Trie-based normalization passthrough is slower than in ICU4C

hsivonen commented 2 years ago

norm_bench compares the normalization performance of ICU4X against other implementations, including ICU4C. The test strings are relative long (multiple memory pages). To avoid testing rust_icu buffer sizing logic, you need the rawdec branch of my fork of rust_icu.

With #2378 applied, English UTF-16 NFC to NFC and NFD to NFD show ICU4X performing a bit better than ICU4C, so the Latin passthrough comparison works as intended. (Both ICU4X and ICU4C pass through based on comparing with a boundary value.)

However, since Hanzi is normalization-invariant, ICU4X and ICU4C should both stay on a fast-path loop with one trie lookup per character such that the trie lookup yields the default value for the trie. Yet, ICU4X is slower than ICU4C for Chinese (UTF-16 NFC to NFC, UTF-16 NFD to NFD). The difference is not about trie type fast vs. small. With #2410 applied, the difference shouldn't be about ICU4C using macros for the trie fast-path.

Possible differences:

Perhaps on this level of loop tightness, branching on the normalization supplement presence discriminant (for seeing if there's a UTS46 or K normalization supplement) is significant.
Perhaps on this level of loop tightness, branching on the ZeroVec borrow vs. owned discriminant is significant.
Perhaps on this level of loop tightness, branching on Hangul range check is significant.
Perhaps all the above combined?
Perhaps the CPU speculates into the weeds on the surrogate handling path instead of full CPU capability going to the BMP case? (I tried putting an inline(never) hurdle on the surrogate path to discourage speculation that way, but that didn't help.)
The trie uses two ZeroVecs such that the index for the reading from the "data" ZeroVec depends on what was read from the "index" ZeroVec. Perhaps unaligned-capable access from the "index" ZeroVec interferes with the CPU speculatively performing the "data" ZeroVec access.
ICU4X uses 32-bit trie values while ICU4C uses 16-bit trie values, so ICU4X might have a larger working set for the trie. However, since Hanzi should always resolve to the default value of the trie without reading all over the "data" ZeroVec, the actual hot working set difference seems implausible as a cause.
Upon inspecting the trie value received, ICU4C seems to have less branchy code than ICU4X for making the decision to keep looping in the fast-path loop.

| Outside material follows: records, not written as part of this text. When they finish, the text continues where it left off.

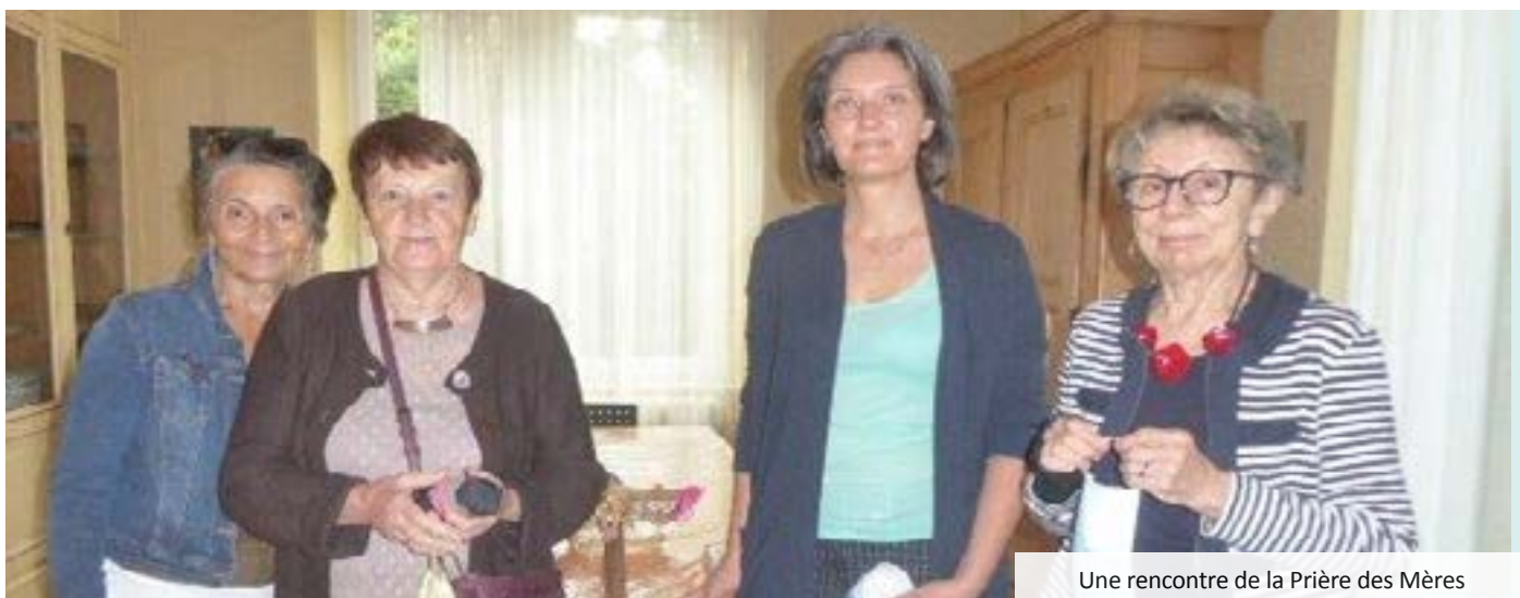
Une rencontre de la Prière des Mères

La Prière des Mères s'adresse à des femmes qui désirent prier ensemble pour leurs enfants mais aussi pour tous les enfants du monde. Ce mouvement, fondé en Angleterre en 1995, rassemble aujourd'hui des femmes qui prient dans le monde chaque semaine, dans plus de 100 pays.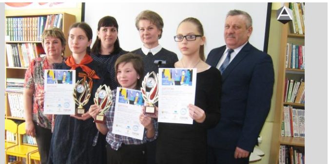
Победители районного этапа с членами жюри

Аромашевские школьники стали призерами областного фестиваля ГТО, который проходил с 25 по 27 марта в Тюмени.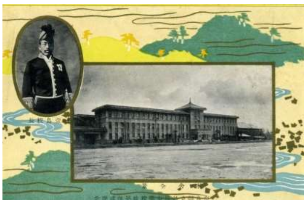
『改築落成記念』絵葉書部分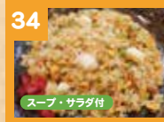
34 海鮮チャーハン 700円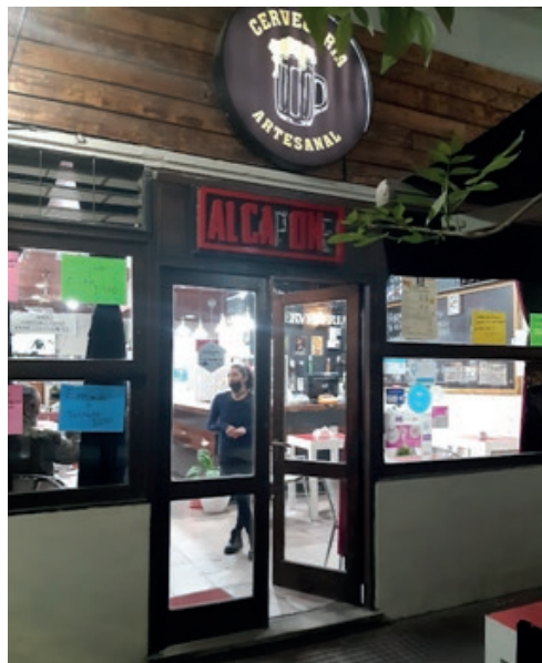
Imágenes 1 y 2. Restaurant Cucina d’Onore , Puerto Madero, y cervecería Al Capone , Parque Patricios, 2021.

However, for Hanzi, ICU4X should make the decision in the first branch of the branchy code.
Optimizations happening in an unlucky way. (Getting the Latin passthrough in ICU4X to perform as well as ICU4C was surprisingly sensitive to compiler optimizations and memory copy working set sizes going the right way: Details of code seemingly outside the tightest loop had a notable impact on the performance of the tightest loop.)

sffc commented 2 years ago

Is this fixed by #2378?

hsivonen commented 2 years ago

Is this fixed by #2378?

No, this is a follow-up to that one.

sffc commented 2 years ago

OK, can we assign it to a milestone then? My suggestions:

If this is something you plan to work on this year or early next year, put it in 1.1 or 1.2
If this is something we should definitely fix, but which is currently unscheduled, put it in 1.x
If this requires API changes, put it in 2.0
If this is an enhancement that could be fixed at some point with lower priority, label it as "backlog"

hsivonen commented 2 years ago

Perhaps on this level of loop tightness, branching on the ZeroVec borrow vs. owned discriminant is significant.

This appear to be the case especially when the queried-for character doesn't have an entry in the trie. See #2554.

Perhaps the CPU speculates into the weeds on the surrogate handling path instead of full CPU capability going to the BMP case?

Non-BMP support's existence seems expensive when normalizing BMP content to NFD, but I don't see a similar effect for NFC. I don't understand why. I tested this by removing non-BMP handling from the fast-path loops. However, I wasn't creative enough to work non-BMP handing back in such a way that wouldn't have been even worse than the current form.

glandium commented 2 years ago

Stupid question: in your test, is icu4c compiled with GCC or clang? If clang, is it the same version as rustc's LLVM?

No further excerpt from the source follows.